> WORK TASK: From the listing below, restate word for word the lines from the line containing "Ev tipi yüksek" down through the line containing "穏やか夕日 海面輝くオレンジ色 静かな水面に映る夕焼け. AI Generated". Exclude pictures.

*** Opening WORKING DATA ***

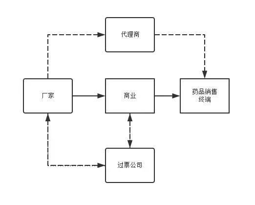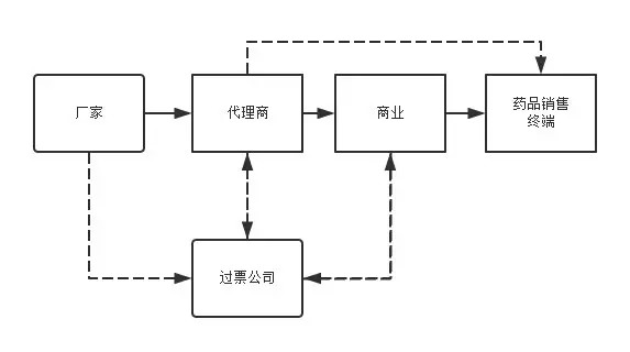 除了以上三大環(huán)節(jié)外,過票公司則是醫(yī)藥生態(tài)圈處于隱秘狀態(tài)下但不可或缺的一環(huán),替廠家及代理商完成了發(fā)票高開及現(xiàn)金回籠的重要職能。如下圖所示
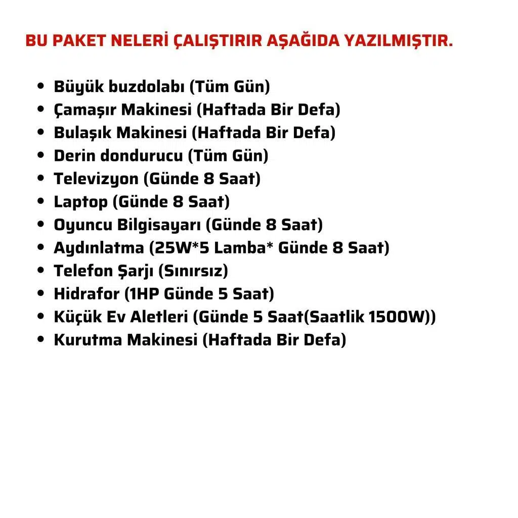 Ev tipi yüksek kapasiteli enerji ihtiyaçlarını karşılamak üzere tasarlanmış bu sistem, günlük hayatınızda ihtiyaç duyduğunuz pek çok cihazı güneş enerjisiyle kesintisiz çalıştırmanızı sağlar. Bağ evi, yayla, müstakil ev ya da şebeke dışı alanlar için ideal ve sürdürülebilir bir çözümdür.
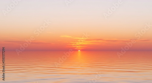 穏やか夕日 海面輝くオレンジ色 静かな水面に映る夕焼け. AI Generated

*** Closing WORKING DATA ***
*** Opening WORKING DATA ***

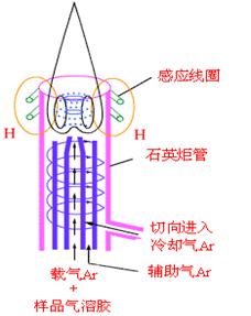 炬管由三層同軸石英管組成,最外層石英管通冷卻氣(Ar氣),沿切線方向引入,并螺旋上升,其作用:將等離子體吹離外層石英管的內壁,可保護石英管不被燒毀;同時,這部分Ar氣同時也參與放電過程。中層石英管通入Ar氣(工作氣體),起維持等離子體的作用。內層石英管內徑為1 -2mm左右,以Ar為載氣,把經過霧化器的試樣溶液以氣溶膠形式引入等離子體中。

*** Closing WORKING DATA ***
*** Opening WORKING DATA ***

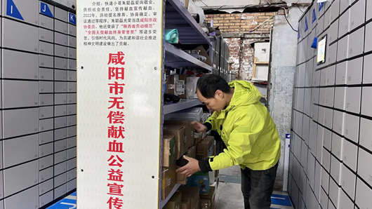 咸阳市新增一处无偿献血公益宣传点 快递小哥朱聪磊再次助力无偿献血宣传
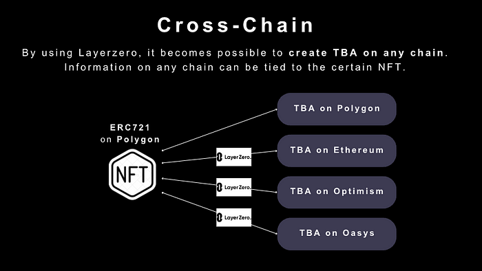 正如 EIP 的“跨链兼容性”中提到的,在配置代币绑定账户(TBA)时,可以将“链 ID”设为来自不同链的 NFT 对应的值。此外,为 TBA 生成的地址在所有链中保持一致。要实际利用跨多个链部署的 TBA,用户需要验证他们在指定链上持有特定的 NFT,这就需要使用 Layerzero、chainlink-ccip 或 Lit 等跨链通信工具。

*** Closing WORKING DATA ***

> EXERCISE ANSWER:
 Ev tipi yüksek kapasiteli enerji ihtiyaçlarını karşılamak üzere tasarlanmış bu sistem, günlük hayatınızda ihtiyaç duyduğunuz pek çok cihazı güneş enerjisiyle kesintisiz çalıştırmanızı sağlar. Bağ evi, yayla, müstakil ev ya da şebeke dışı alanlar için ideal ve sürdürülebilir bir çözümdür.
 穏やか夕日 海面輝くオレンジ色 静かな水面に映る夕焼け. AI Generated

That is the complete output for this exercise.